This thread will be used for daily (or so) accountability to keep track of the ups and downs of my journey to lose the excess weight and more so to overcome the evil that is binge eating. Since there's no forum for journals I hope this okay. I'm open to comments or suggestions too.
I have felt trapped in this disorder (if that's what it is, maybe habit is more apt) for many years. I believe it started around the time I was 19 or so. I'd always been pretty heavy (or the heavy side of normal) as a teen but after having my child at 18 I suddenly and inexplicably lost all the baby weight and then some. All the way down from a pregnancy high of 198 (which put my start weight at 160, since I gained 38 pounds during the very long pregnancy) I was down to 130, possible even the high 120's if my memory is not deceiving me. I swear I weighed myself at 127 or 128 at one point. But I didn't even own a scale, I was using a friend's. I wasn't even trying and that was the best part.
After starting school and a new job I gained quite a bit of weight and my binging began in earnest. I had maintained that low weight for like a year so it's doable (once again, not trying, no counting, barely exercising) but the binging seems to do me in. I know it's related to dieting and anxiety but I can't seem to shut it down.

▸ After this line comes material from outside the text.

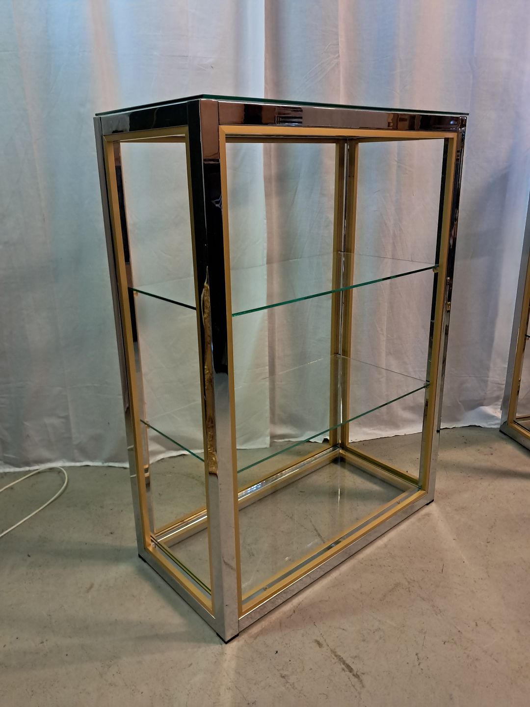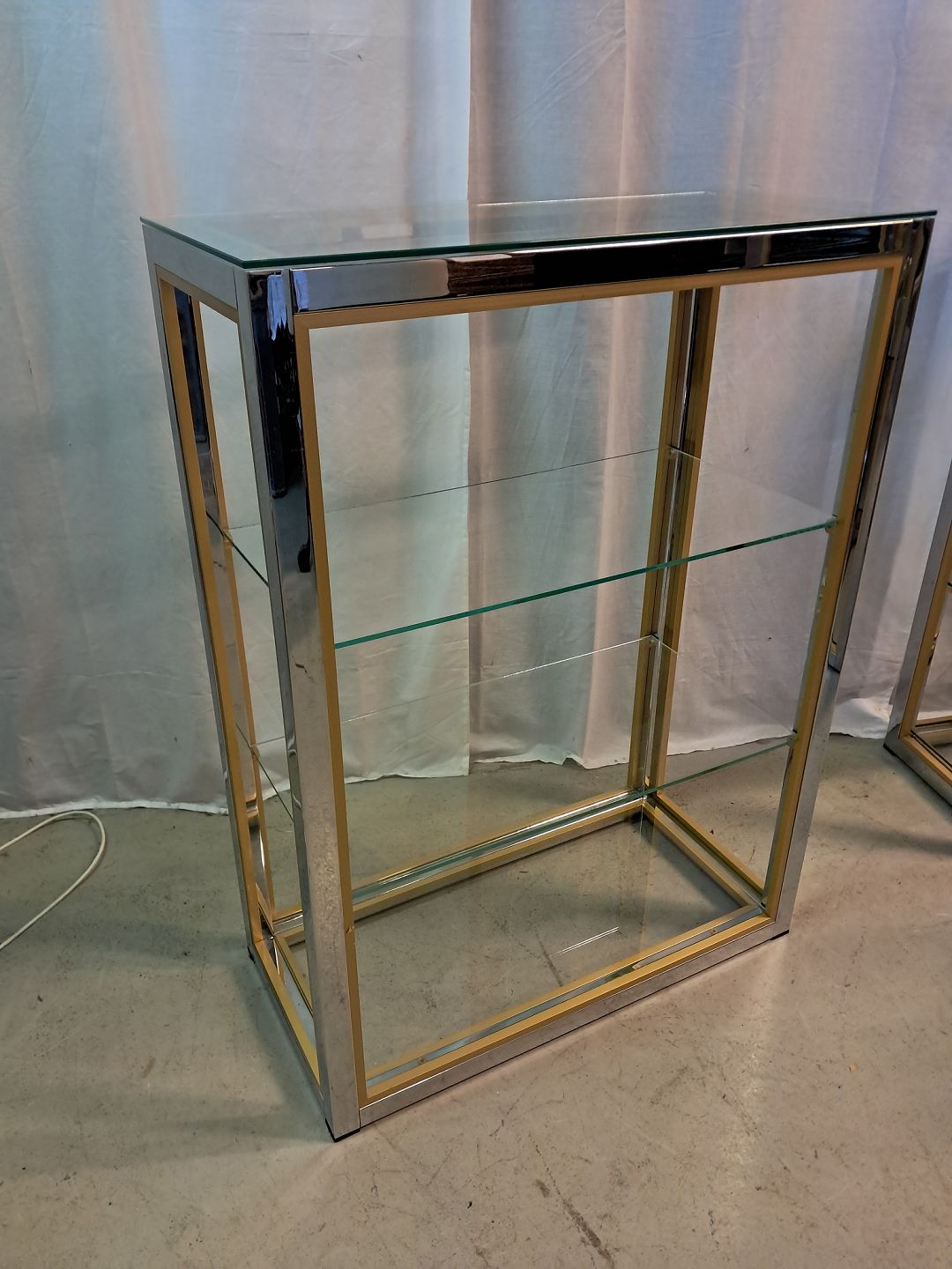 Forkromet reol i metal med glashylder, fra 1980erne. Den har brugsspor. Højde 105cm Bredde 76cm Dybde 37cm Se emne nr. 77573 og 77574 Emne nummer: 77572

I love the book Overcoming Binge Eating by Dr. Fairburn. It's straight forward and offers not only great insights and research, but a detailed plan to follow to overcome the disorder once and for all. The plan actually makes perfect sense- record binge activity as it normally is, then gradually work on framing a regular eating schedule and so forth. It's broken into stages and can move as slow or as fast as you want. I hate very restrictive plans or anything involving excess effort since I am so busy anyway. But this may be worth trying. Dr. Fairburn advocates a no-diet plan since so many bingers/bulimics are triggered by it. Eventually you work into healthier eating habits but in a non-restrictive way.
I wish I could beat this and lose weight all at once! It seems impossible. Every weekend I lose the thread and go way overboard. I start off great and then something sets me off. All I know is, whatever I do, I can't give up. This "disorder"/habit makes me so miserable and it's bringing my whole life down. I have no confidence, and am scared to be in public. I don't want anyone to see me! I feel like I can't build a career or date because I am so self-conscious about my size. I am 5'6" and basically 190 pounds. The most I've been my non-pregnant adult life. I need a change and I need to make it soon.